INFO: Open of `/vsizip/vsicurl/https://www.sqlitetutorial.net/wp-content/uploads/2018/03/chinook.zip/chinook.db'
      using driver `SQLite' successful.
1: albums (None)
2: artists (None)
3: customers (None)
4: employees (None)
5: genres (None)
6: invoice_items (None)
7: invoices (None)
8: media_types (None)
9: playlist_track (None)
10: playlists (None)
11: sqlite_sequence (None) [private]
12: sqlite_stat1 (None) [private]
13: tracks (None)

Now we set up the FDW, using that same GDAL connection string.

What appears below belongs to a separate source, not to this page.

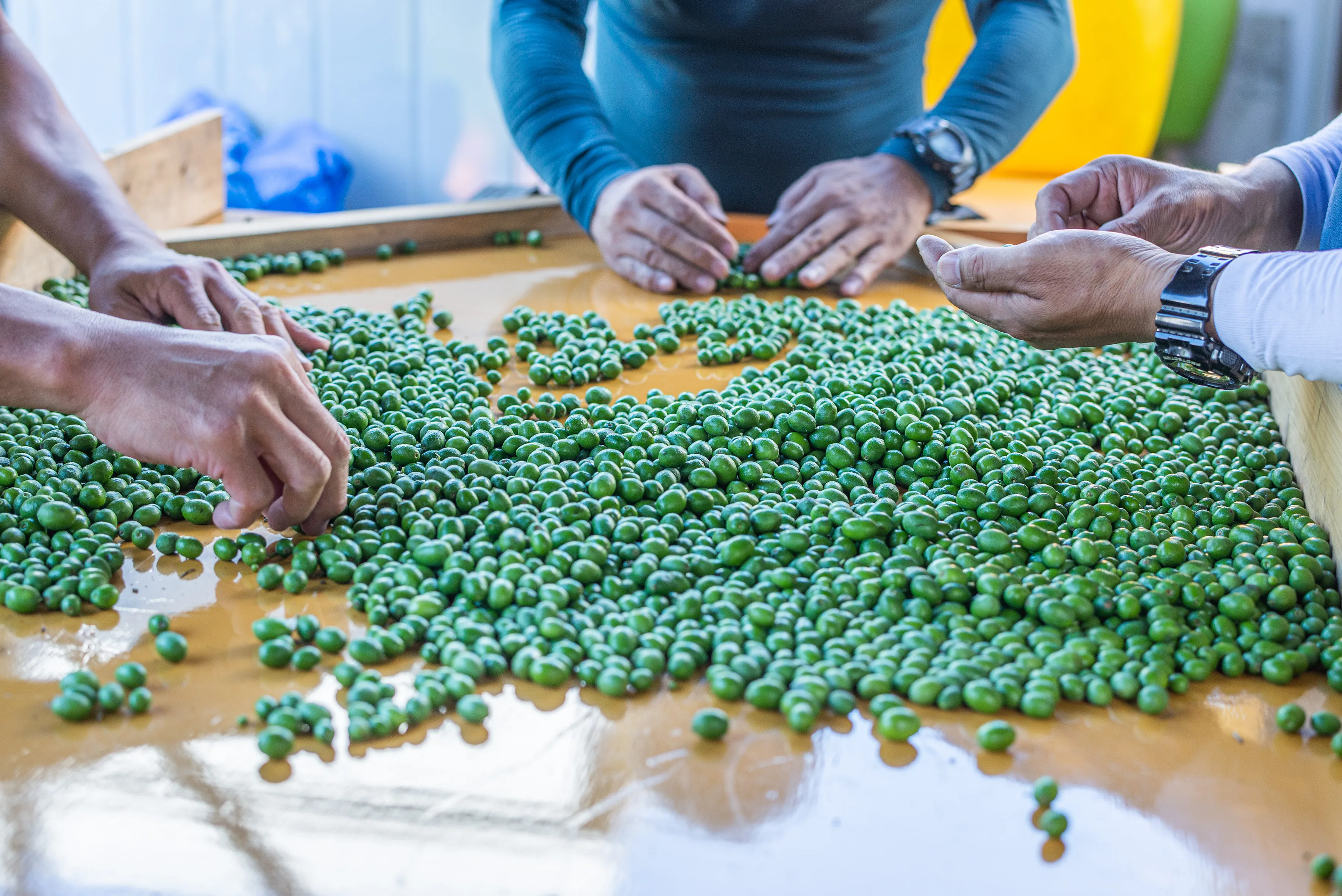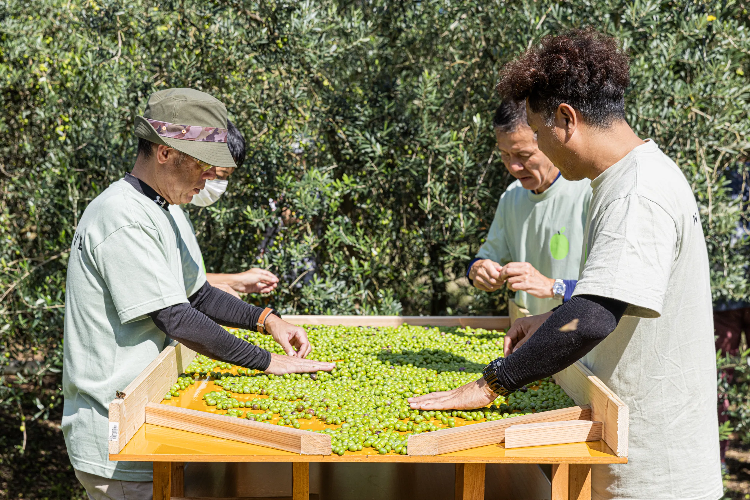 オリーブの選果作業は

CREATE SERVER sqlite_server
  FOREIGN DATA WRAPPER ogr_fdw
  OPTIONS (
    datasource '/vsizip/vsicurl/https://www.sqlitetutorial.net/wp-content/uploads/2018/03/chinook.zip/chinook.db',
    format 'SQLite');

CREATE SCHEMA IF NOT EXISTS fdw_sqlite;

IMPORT FOREIGN SCHEMA ogr_all
  FROM SERVER sqlite_server
  INTO fdw_sqlite;

SELECT *
FROM fdw_sqlite.albums
WHERE title ~ '^Ar';
 fid |                       title                        | artistid
-----+----------------------------------------------------+----------
 120 | Are You Experienced?                               |       94
 168 | Arquivo II                                         |      113
 169 | Arquivo Os Paralamas Do Sucesso                    |      113
 319 | Armada: Music from the Courts of England and Spain |      251

Conclusions

  • The ogr_fdw extension provides flexible access to remote data in dozens of formats.
  • When using FDW for real-time access it is frequently wise to place a MATERIALIZED VIEW between your queries and the FDW, to avoid network latency.